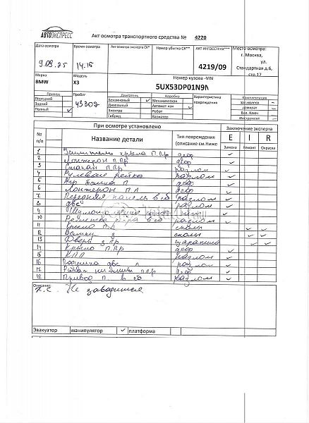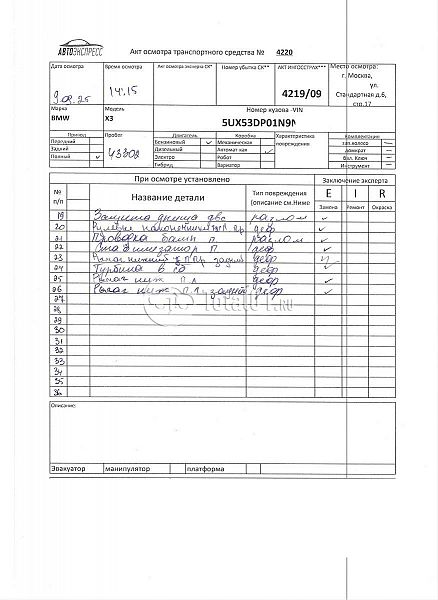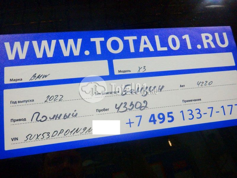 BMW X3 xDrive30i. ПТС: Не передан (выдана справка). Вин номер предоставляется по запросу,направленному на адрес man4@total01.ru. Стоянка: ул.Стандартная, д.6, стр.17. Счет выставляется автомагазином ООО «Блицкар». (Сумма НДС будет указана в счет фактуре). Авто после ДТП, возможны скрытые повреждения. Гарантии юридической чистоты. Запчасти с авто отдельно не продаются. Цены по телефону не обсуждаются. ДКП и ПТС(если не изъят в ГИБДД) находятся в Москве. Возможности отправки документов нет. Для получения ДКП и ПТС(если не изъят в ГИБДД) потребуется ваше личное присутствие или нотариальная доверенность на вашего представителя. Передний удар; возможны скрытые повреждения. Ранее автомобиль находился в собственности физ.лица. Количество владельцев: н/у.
══════════
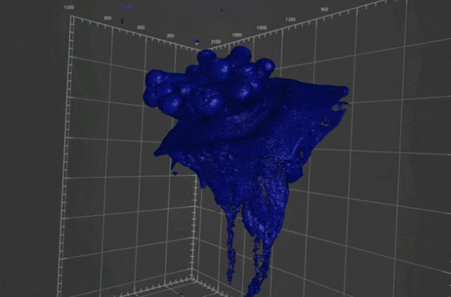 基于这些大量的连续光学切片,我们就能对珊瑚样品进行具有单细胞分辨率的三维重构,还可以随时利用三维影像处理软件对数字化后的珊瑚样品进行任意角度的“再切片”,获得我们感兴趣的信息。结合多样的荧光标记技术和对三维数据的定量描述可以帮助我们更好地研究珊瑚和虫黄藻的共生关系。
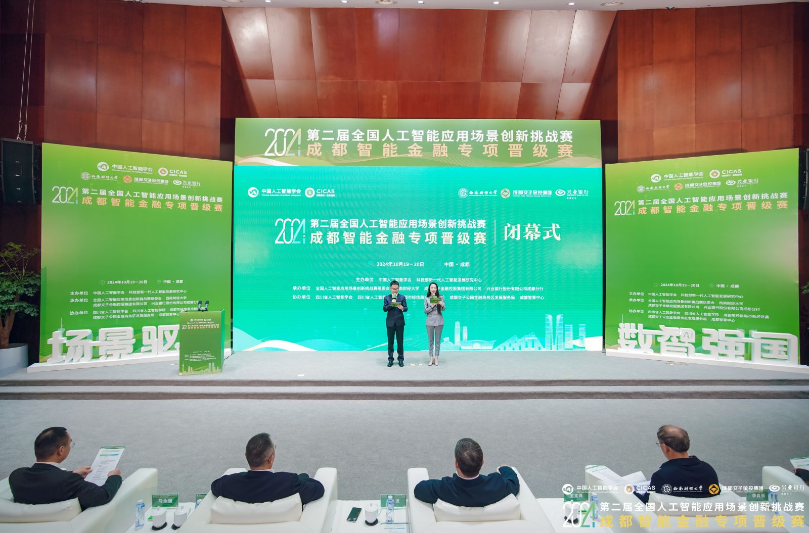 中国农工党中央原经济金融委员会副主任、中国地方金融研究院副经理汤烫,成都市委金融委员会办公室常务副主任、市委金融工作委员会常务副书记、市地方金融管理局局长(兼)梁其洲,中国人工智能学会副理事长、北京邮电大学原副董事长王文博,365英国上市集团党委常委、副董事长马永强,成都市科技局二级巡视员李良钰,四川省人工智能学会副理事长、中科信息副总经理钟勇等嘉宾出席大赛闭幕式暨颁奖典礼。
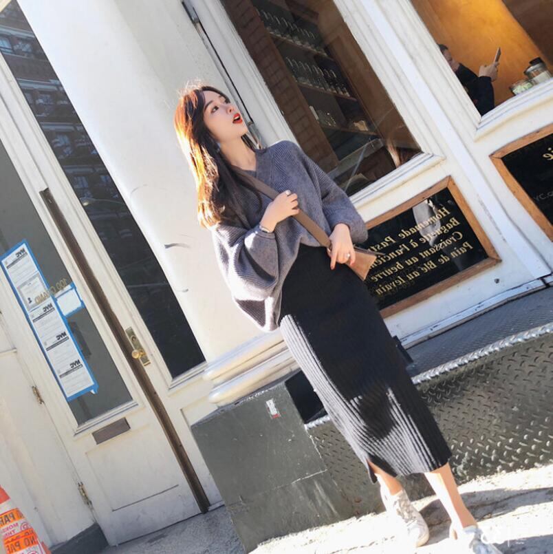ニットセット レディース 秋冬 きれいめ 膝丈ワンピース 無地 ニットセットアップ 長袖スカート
══════════
BRIEF
Find the line with "基于这些大量的连续光学切片,我们就能对珊" in the entries above. Set down exactly every line from it up to and including the line with "中国农工党中央原经济金融委员", images excluded.

RESPONSE TO THIS EXERCISE
 基于这些大量的连续光学切片,我们就能对珊瑚样品进行具有单细胞分辨率的三维重构,还可以随时利用三维影像处理软件对数字化后的珊瑚样品进行任意角度的“再切片”,获得我们感兴趣的信息。结合多样的荧光标记技术和对三维数据的定量描述可以帮助我们更好地研究珊瑚和虫黄藻的共生关系。
 中国农工党中央原经济金融委员会副主任、中国地方金融研究院副经理汤烫,成都市委金融委员会办公室常务副主任、市委金融工作委员会常务副书记、市地方金融管理局局长(兼)梁其洲,中国人工智能学会副理事长、北京邮电大学原副董事长王文博,365英国上市集团党委常委、副董事长马永强,成都市科技局二级巡视员李良钰,四川省人工智能学会副理事长、中科信息副总经理钟勇等嘉宾出席大赛闭幕式暨颁奖典礼。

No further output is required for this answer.